Since many, arguably all, suicidal patients consider suicide as an option in an effort to reduce or eliminate their emotional suffering; medications can play an important and strategic role. They provide a treatment option that can more quickly target symptoms facilitating a patient’s feeling of hopelessness. Behavioral treatments take time, with patients gradually building critical skills and resolving traumas. Until adequate skills are established and refined, medications can help fill the gap, buying what is often times lifesaving time.
Despite the concerns about medications and suicide, we now know scientifically that a number of behavioral treatments help reduce the risk of death by suicide. There are a number of reviews of psychotherapies that have proven effective in the treatment of suicidal behavior. I completed a recent review driven by a simple question, what are the common elements of treatments that work? There are a handful of treatments proven to be effective at reducing suicide attempts after treatment, with considerable overlap in the nature and type of treatment. In the case of behavioral treatment, simple interventions can help save lives.
First, all of the effective treatments have simple and understandable models that are shared with patients. Patients need to understand why they have become suicidal and the benefits of the treatment in order to fully invest in care. When a patient understands why they have been suicidal and how treatment will help, the net result is hope, improved motivation, less shame, better compliance and more effective care. This is a simple step and can be carried out in any setting and by a range of health professionals. Second, effective treatments target identified skill deficits. Patients that consider suicide evidence skill deficits that can be identified, targeted and improved. Third, effective treatments emphasize self-reliance, self-awareness and personal responsibility in a number of concrete ways. Patients are encouraged to assume a considerable degree of personal responsibility for their own care by use of commitment to treatment agreements and safety plans. As might be apparent, the ability to take personal responsibility for one’s care is very much an identified skill. Fourth, effective treatments emphasize the importance of crisis management, removal of available lethal methods, and access to care during and after treatment, with written and accessible treatment plans. This includes the involvement of family and friends. Finally, effective treatments incorporate compliance protocols. When a patient drops out of treatment, specific steps are taken to try to engage the patient in care, with a concerted effort to identify and target the reasons the patient withdrew. It is critical to keep at-risk patients engaged in treatment.

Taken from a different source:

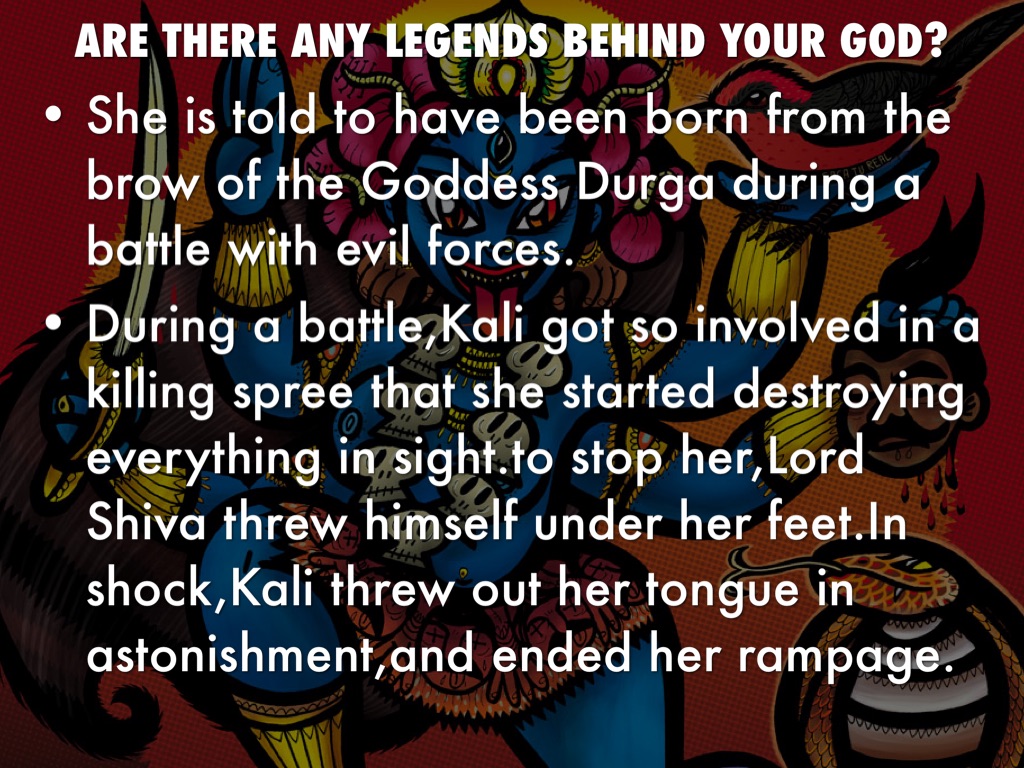 During a battle,Kali got so involved in a killing spree that she started destroying everything in sight.to stop her,Lord Shiva threw himself under her feet.In shock,Kali threw out her tongue in astonishment,and ended her rampage.

These are very simple actions that can save the lives of our veterans who are experiencing thoughts of suicide. They can be accomplished across the full range of settings and by a variety of providers. Especially for those hesitant to consider medications as an alternative, behavioral treatments have much to offer, either as an independent treatment or in combination with medications. We owe it to our veterans to ensure that they have the mental and behavioral health care that they need and deserve and the psychology community remains committed to assisting in this effort.
Thank you. I appreciate the opportunity to speak with you today and welcome the chance to respond to questions.